=== What the task asks ===
Your copy should begin with the line containing "Il rifilatore Makita", end with the line containing "Figura 1: A)", match the listing below exactly, and contain no pictures.

=== Given records ===
#####

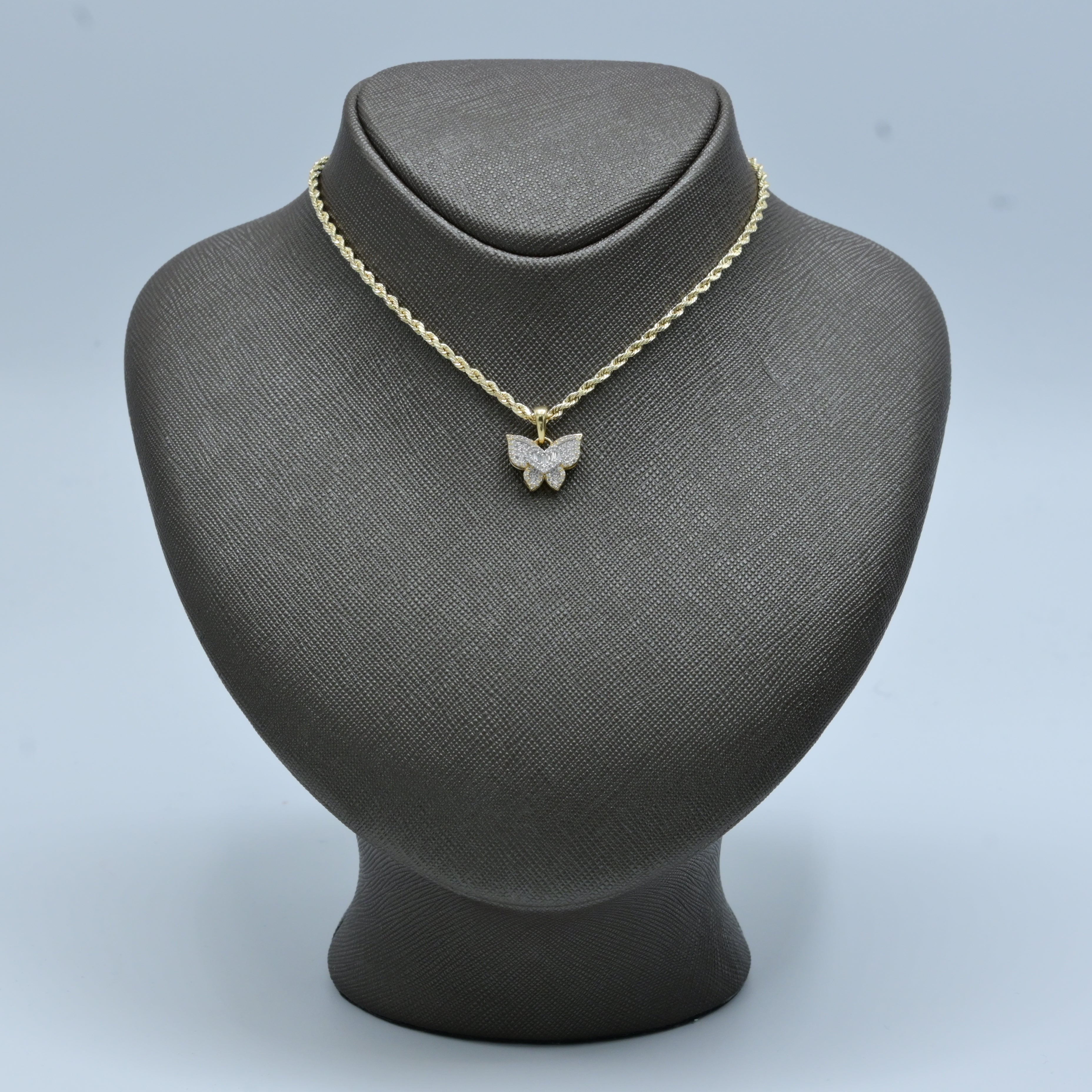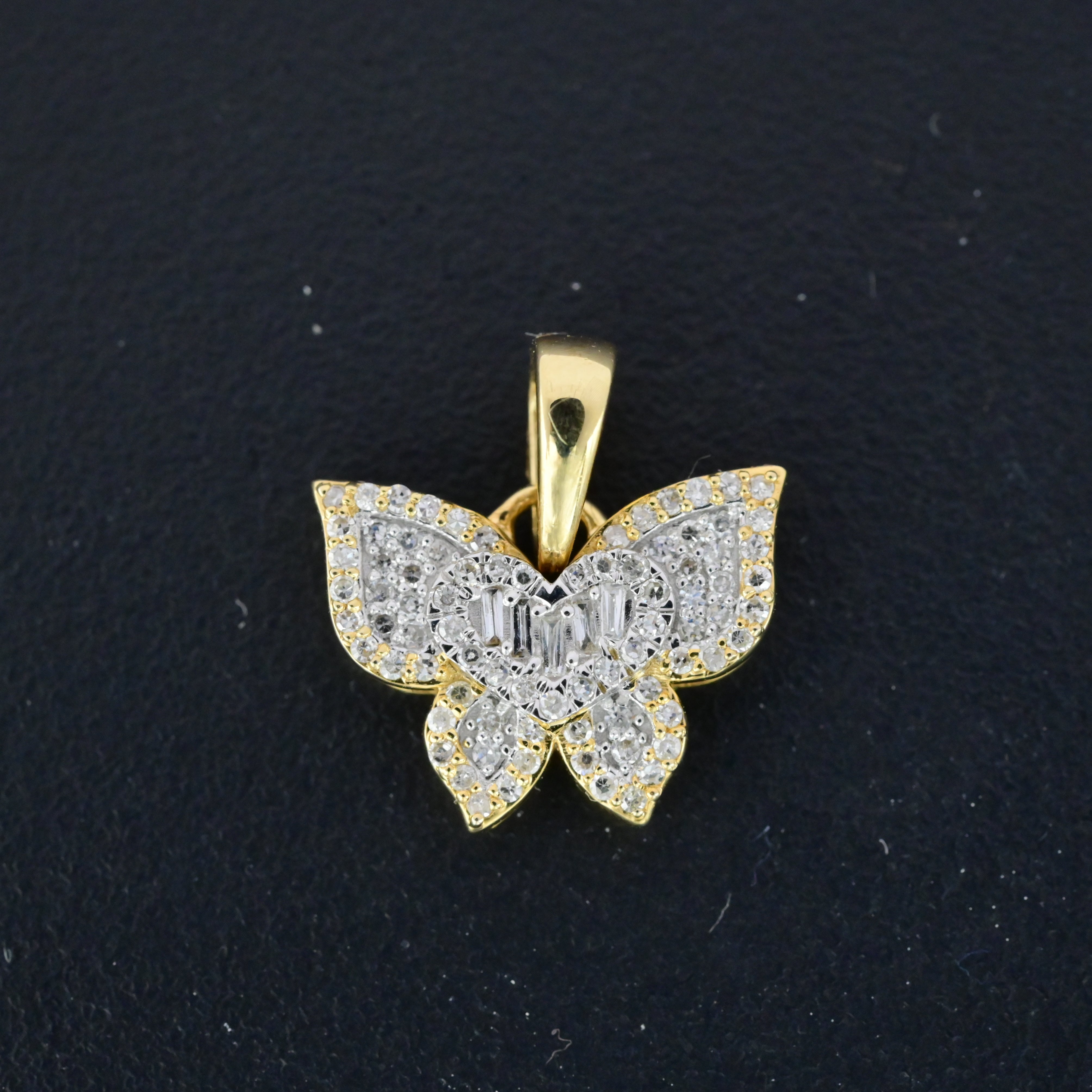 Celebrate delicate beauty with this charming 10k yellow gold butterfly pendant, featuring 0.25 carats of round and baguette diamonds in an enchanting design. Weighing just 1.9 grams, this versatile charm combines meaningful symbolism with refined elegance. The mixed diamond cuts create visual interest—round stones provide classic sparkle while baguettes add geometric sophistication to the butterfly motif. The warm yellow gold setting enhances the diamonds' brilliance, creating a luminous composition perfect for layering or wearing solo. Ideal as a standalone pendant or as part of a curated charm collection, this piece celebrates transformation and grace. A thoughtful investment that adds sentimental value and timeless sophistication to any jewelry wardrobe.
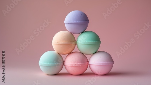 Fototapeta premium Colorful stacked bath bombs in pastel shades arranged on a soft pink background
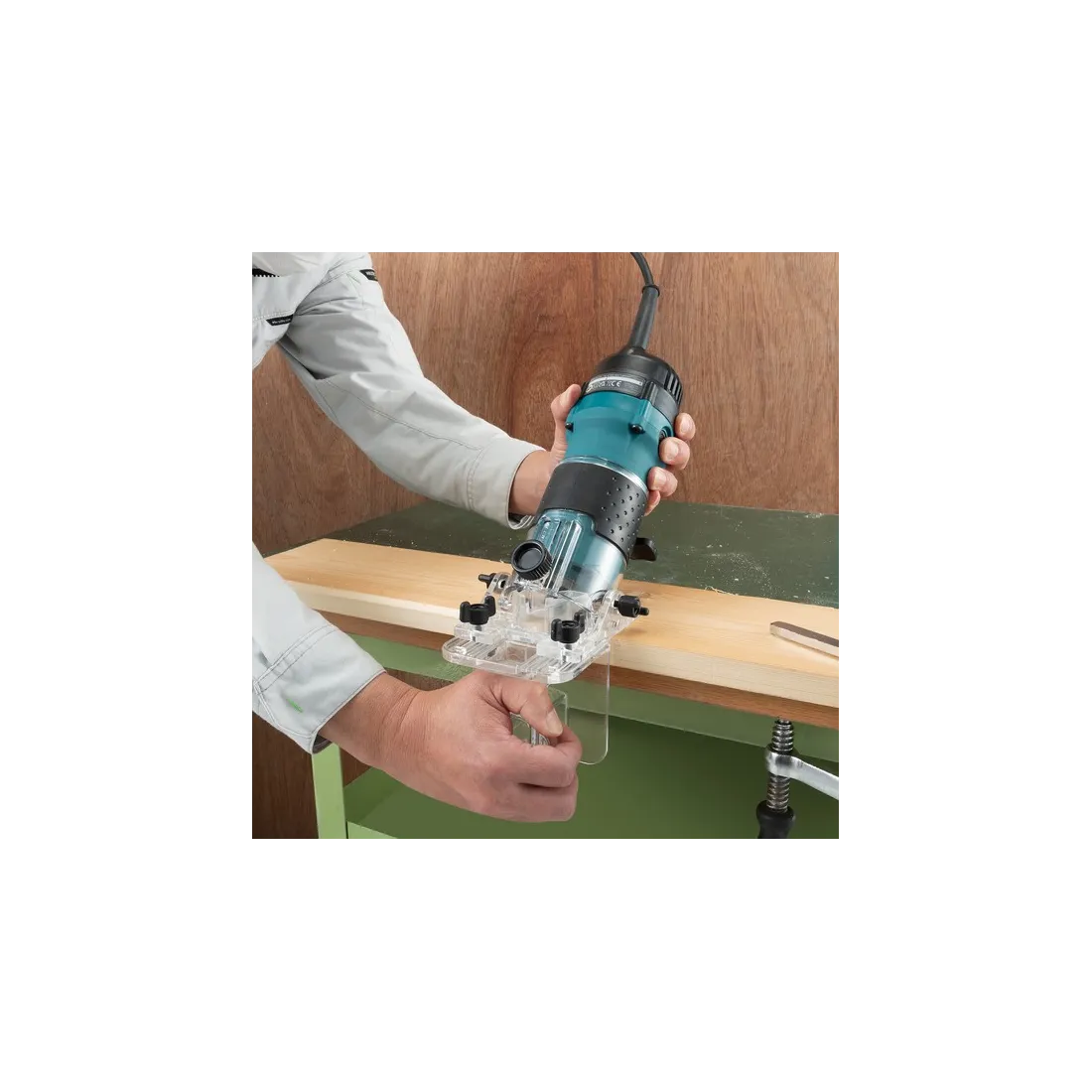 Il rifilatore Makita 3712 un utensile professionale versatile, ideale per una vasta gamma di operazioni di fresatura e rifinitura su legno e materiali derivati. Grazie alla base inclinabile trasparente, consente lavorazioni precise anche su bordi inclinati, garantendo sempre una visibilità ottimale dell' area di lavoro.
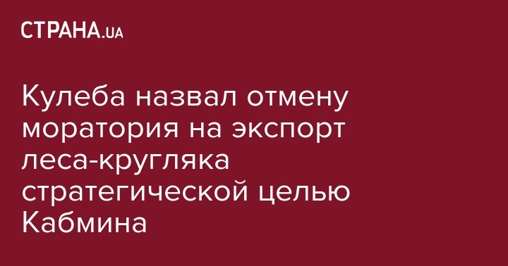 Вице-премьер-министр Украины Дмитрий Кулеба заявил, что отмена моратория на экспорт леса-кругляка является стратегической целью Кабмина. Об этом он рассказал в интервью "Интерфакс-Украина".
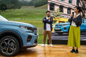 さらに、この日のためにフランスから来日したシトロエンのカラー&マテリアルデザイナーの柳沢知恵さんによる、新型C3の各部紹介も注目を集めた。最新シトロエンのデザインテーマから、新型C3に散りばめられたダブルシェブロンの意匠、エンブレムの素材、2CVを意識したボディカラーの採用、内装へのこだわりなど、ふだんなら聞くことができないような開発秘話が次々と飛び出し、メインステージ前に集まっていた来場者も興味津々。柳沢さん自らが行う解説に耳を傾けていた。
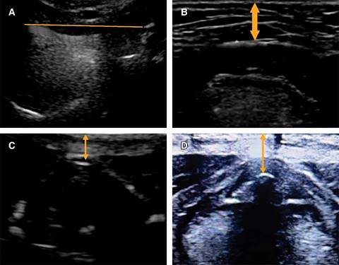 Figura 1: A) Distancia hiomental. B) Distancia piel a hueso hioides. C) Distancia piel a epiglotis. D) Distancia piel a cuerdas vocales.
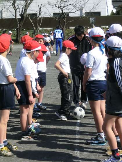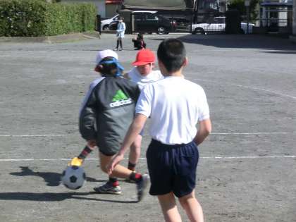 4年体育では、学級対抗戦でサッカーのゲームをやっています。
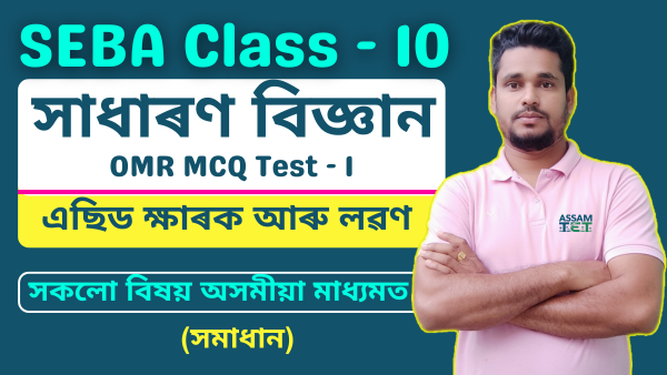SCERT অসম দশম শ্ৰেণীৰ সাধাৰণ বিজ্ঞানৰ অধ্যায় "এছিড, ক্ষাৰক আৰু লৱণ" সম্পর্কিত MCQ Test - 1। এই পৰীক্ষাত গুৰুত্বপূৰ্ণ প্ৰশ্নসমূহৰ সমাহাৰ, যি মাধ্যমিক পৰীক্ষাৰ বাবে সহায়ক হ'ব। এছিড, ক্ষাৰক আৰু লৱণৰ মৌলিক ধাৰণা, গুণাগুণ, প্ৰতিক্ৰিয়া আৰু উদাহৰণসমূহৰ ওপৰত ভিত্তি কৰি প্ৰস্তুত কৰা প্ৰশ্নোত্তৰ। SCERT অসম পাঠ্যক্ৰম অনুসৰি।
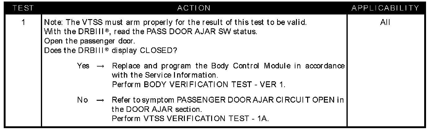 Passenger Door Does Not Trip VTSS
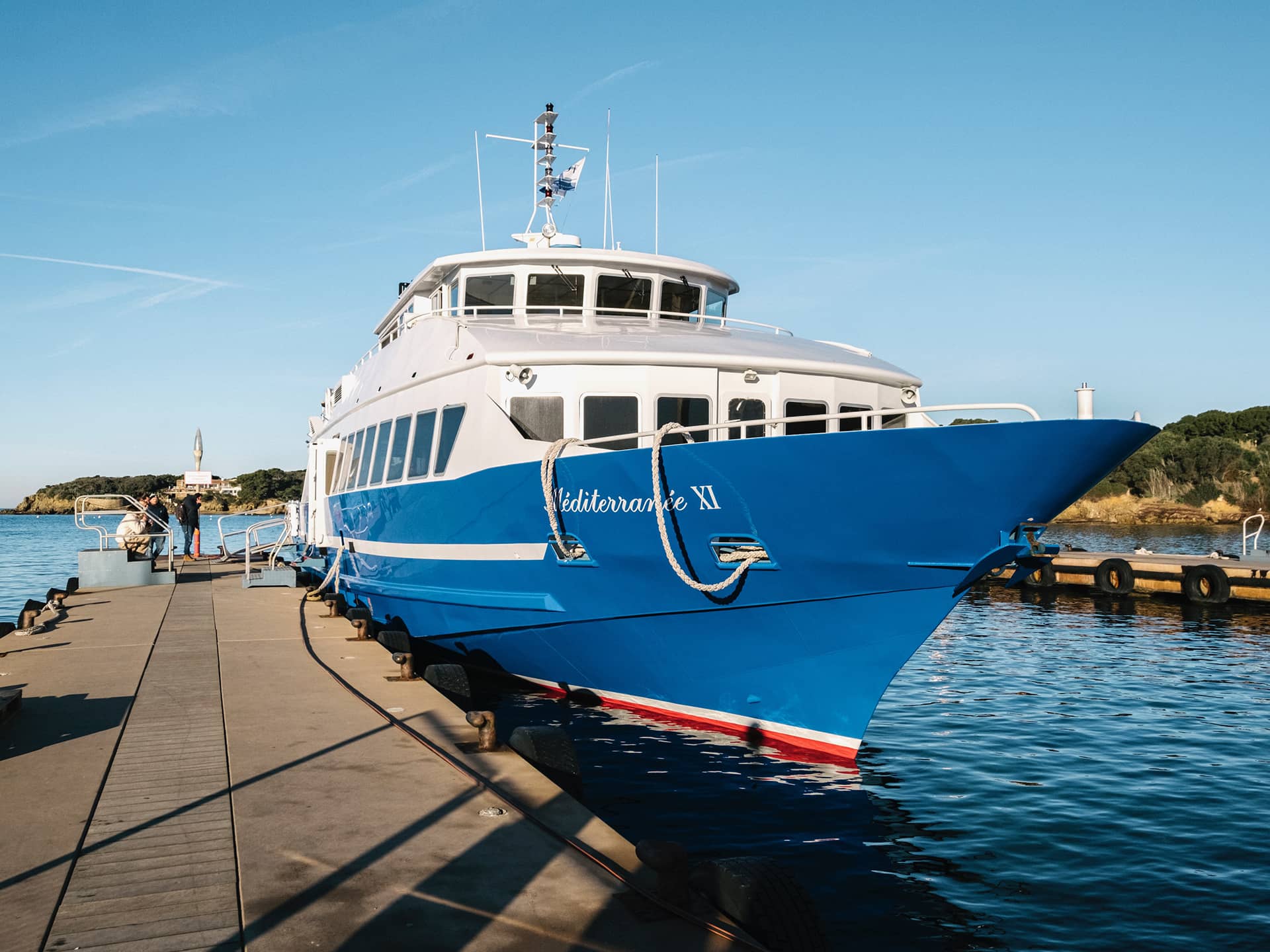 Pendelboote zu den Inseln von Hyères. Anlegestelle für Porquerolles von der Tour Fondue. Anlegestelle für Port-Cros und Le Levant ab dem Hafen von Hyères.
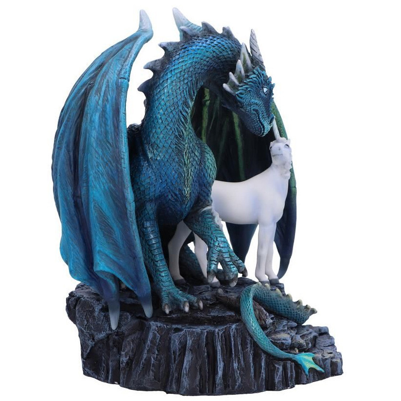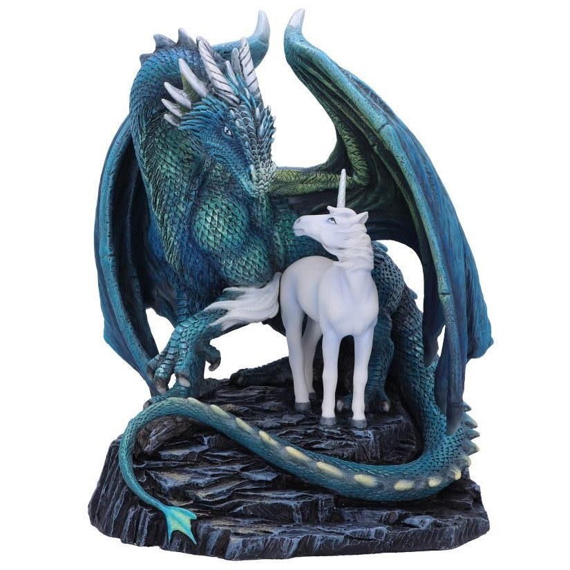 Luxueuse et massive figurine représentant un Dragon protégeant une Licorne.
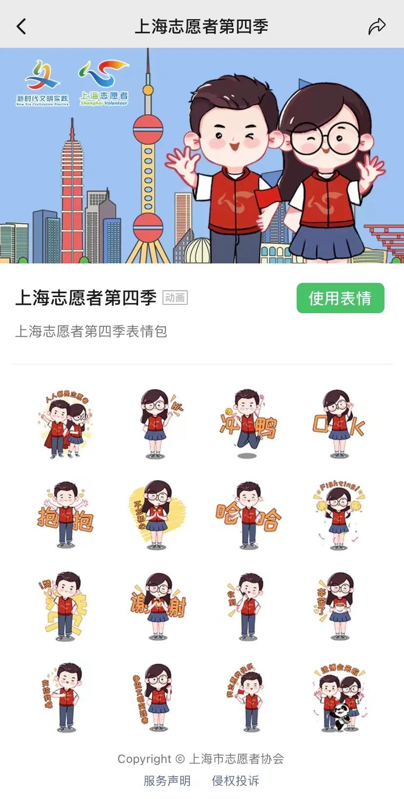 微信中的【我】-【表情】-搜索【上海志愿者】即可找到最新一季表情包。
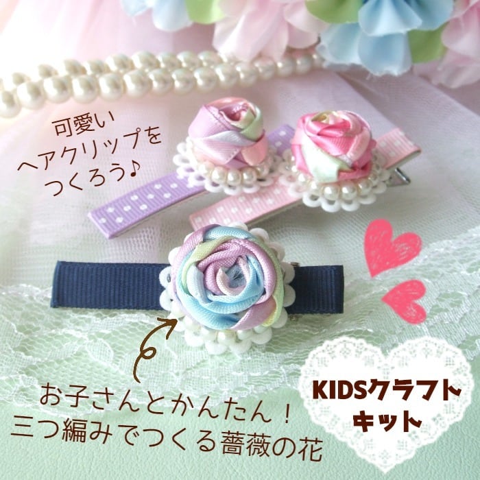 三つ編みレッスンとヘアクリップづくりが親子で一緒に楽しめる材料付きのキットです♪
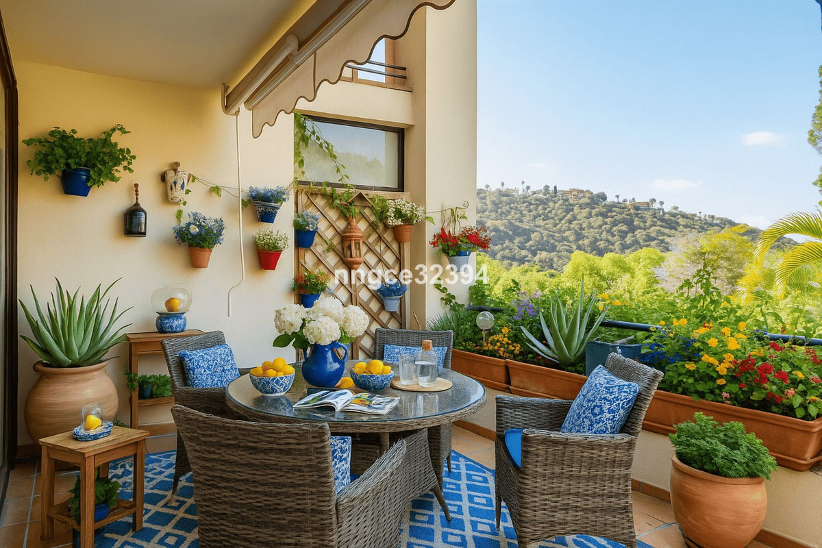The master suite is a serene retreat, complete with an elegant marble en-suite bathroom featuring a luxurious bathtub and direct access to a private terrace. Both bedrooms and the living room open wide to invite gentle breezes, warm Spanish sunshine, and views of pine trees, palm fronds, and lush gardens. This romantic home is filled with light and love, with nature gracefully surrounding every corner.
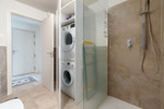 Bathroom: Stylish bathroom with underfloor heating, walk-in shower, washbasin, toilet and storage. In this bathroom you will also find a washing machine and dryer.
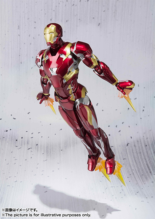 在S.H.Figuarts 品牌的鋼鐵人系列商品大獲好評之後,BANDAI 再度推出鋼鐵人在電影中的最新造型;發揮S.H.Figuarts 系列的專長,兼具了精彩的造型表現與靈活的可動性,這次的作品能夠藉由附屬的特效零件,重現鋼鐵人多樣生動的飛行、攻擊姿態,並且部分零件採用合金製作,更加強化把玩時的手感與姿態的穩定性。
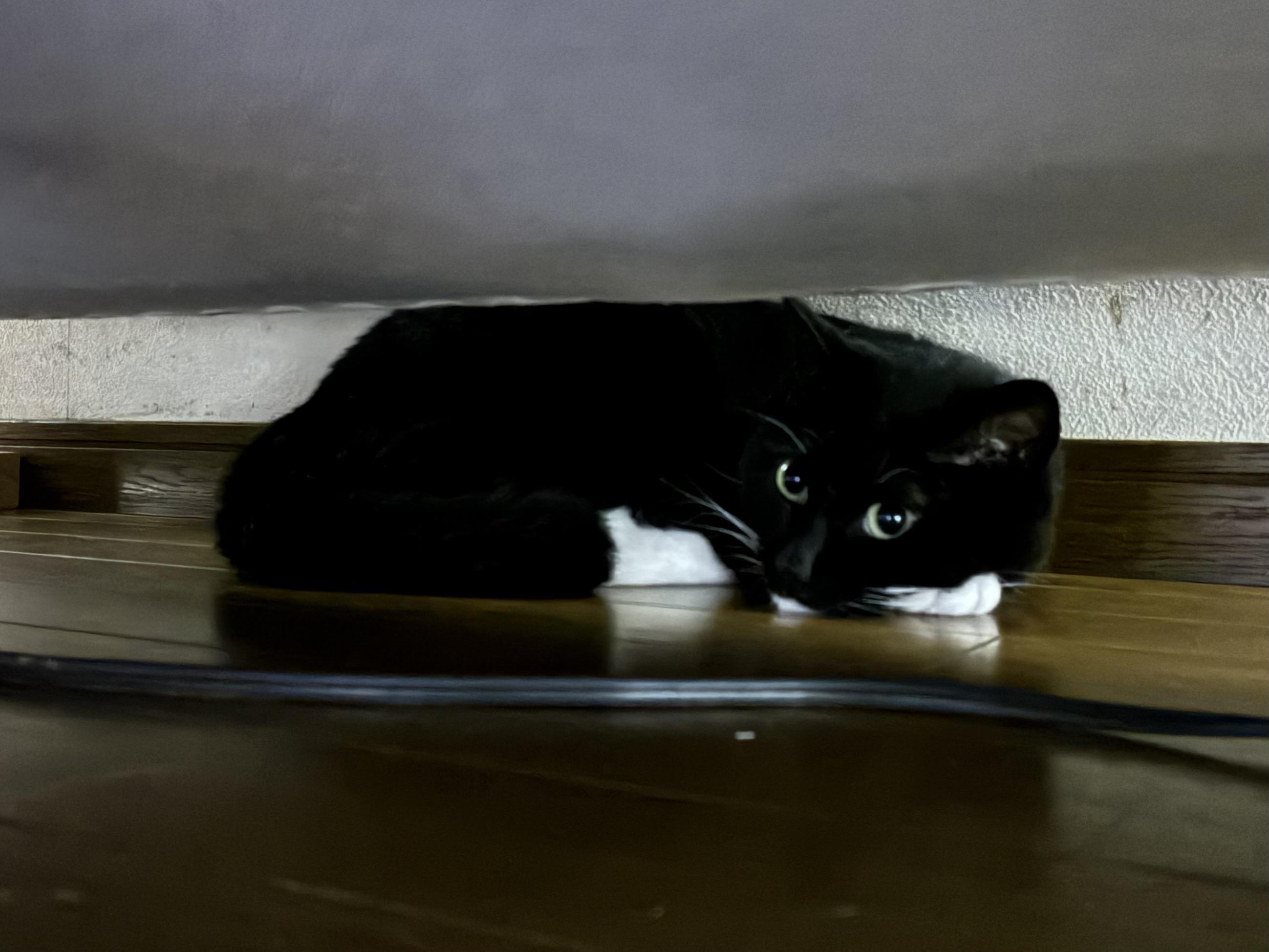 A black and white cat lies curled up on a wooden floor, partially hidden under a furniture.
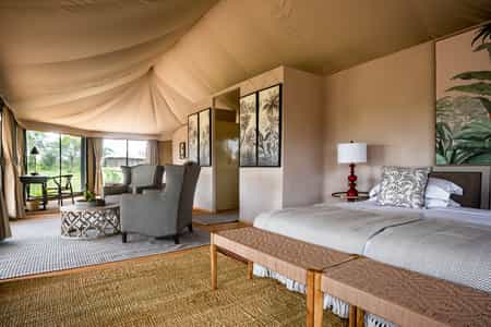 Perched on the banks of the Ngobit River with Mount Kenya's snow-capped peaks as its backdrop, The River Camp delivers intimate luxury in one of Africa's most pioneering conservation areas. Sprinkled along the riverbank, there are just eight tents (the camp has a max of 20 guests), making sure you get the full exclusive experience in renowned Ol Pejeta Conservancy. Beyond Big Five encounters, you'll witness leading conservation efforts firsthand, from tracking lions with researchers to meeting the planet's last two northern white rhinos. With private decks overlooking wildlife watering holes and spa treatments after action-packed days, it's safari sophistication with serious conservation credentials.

#####

=== Solution to this task ===
 Il rifilatore Makita 3712 un utensile professionale versatile, ideale per una vasta gamma di operazioni di fresatura e rifinitura su legno e materiali derivati. Grazie alla base inclinabile trasparente, consente lavorazioni precise anche su bordi inclinati, garantendo sempre una visibilità ottimale dell' area di lavoro.
 Вице-премьер-министр Украины Дмитрий Кулеба заявил, что отмена моратория на экспорт леса-кругляка является стратегической целью Кабмина. Об этом он рассказал в интервью "Интерфакс-Украина".
 さらに、この日のためにフランスから来日したシトロエンのカラー&マテリアルデザイナーの柳沢知恵さんによる、新型C3の各部紹介も注目を集めた。最新シトロエンのデザインテーマから、新型C3に散りばめられたダブルシェブロンの意匠、エンブレムの素材、2CVを意識したボディカラーの採用、内装へのこだわりなど、ふだんなら聞くことができないような開発秘話が次々と飛び出し、メインステージ前に集まっていた来場者も興味津々。柳沢さん自らが行う解説に耳を傾けていた。
 Figura 1: A) Distancia hiomental. B) Distancia piel a hueso hioides. C) Distancia piel a epiglotis. D) Distancia piel a cuerdas vocales.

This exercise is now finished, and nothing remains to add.